"L'art moderne, c'est n'importe quoi, et ça ne plaît qu'aux snobs ridicules." Voilà pour le résumé des 2h30 de The Square, dont la redondance (toujours ce même message, en boucle, et ça dure, ça dure...) n'a d'égale que la virulence de son propos. Ruben Ostlund n'hésite pas forcer le trait de ses gags, à aller jusqu'à montrer frontalement l'hérésie qu'il dénonce, tirant un grand coup sur la nappe de soie parsemée de flûtes de champagne, pour créer un désordre de luxe sublime. On repense au gag de l’œuvre d'art qui est une accumulation de petits tas de poussières (avec le message trop explicite "You Have Nothing" placardé en grand, un manque de finesse volontaire) qui est "nettoyée" par l'homme de ménage (allez hop, plus de saletés !), refaite à la va-vite par le vernisseur sans que personne ne s'en aperçoive ("L'art moderne, c'est très surfait", round 1, vainqueur : Ostlund, on a bien rigolé). On repense aussi au dîner au restaurant gastronomique, le climax du film, qui voit un
artiste bousculer un homme et quasiment violer une jeune femme, sans que les snobs ne bougent le petit doigt, pour ne pas "casser la performance artistique"...
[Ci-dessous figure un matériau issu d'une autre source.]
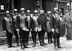 The first squad trained in modern techniques of riot control in Asia was formed in 1925 in colonial Shanghai as a response to the mismanaged riot of the May Thirtieth Movement.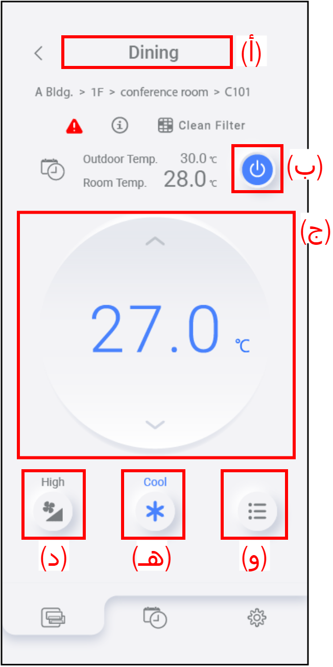 | (أ) | Air conditioner name | يعرض اسم مكيف الهواء. |

Suffisamment ignoble pour qu'on les insulte devant notre écran, et qu'on les applaudisse ironiquement quand enfin un se lève pour porter secours à la jeune fille, suivi par les "courageux suiveurs" qui passent à tabac leur idole d'il y a cinq minutes. La scène a beau être bien trop longue et répétitive (à l'image du film entier, trop redondant et long), le message est puissant, tourne en ridicule la Haute, montre une adoration malsaine pour les formes d'Arts extrêmes qui se démarquent des grands classiques (l'apanage du petit peuple, on le comprend à demi-mots...) et même de l'art contemporain "version soft" (les récents Jeff Koons, dans leur absurdité totale, nous autorisent à en rire, ils s'auto-critiquent tels la boîte de Campbell ou la Marilyn de Warhol à son époque...). Dans The Square, l'Art moderne se considère absolument au premier degré, il n'est pas là pour amuser la galerie, et c'est bien ce qui en fait une satire parfaite pour Ostlund. Eh bien soit, Ruben a raison, on gardera nos bonnes vieilles œuvres faites avec amour (et un certain respect du public), on laisse à la Haute les tas de poussières "made in Rowenta" et l'homme-chimpanzé qui tabasse une jeune fille, sans regret aucun. Quant à sa propre technicité artistique, The Square s'offre une musique faite d'onomatopées étranges (on ne peut pas la manquer, en bien comme en mal) et une mise en scène d'un soin exemplaire. Et si vous voulez une expérience en "3D" de The Square, on vous recommande vivement le Mumok (Musée d'Art Moderne) de Vienne, où chaque œuvre (très sérieuse, attention, ne rigolez pas quand le garde passe...) ressemble à une blague, ou au cauchemar (devenu réalité) de Ostlund. Bonne visite.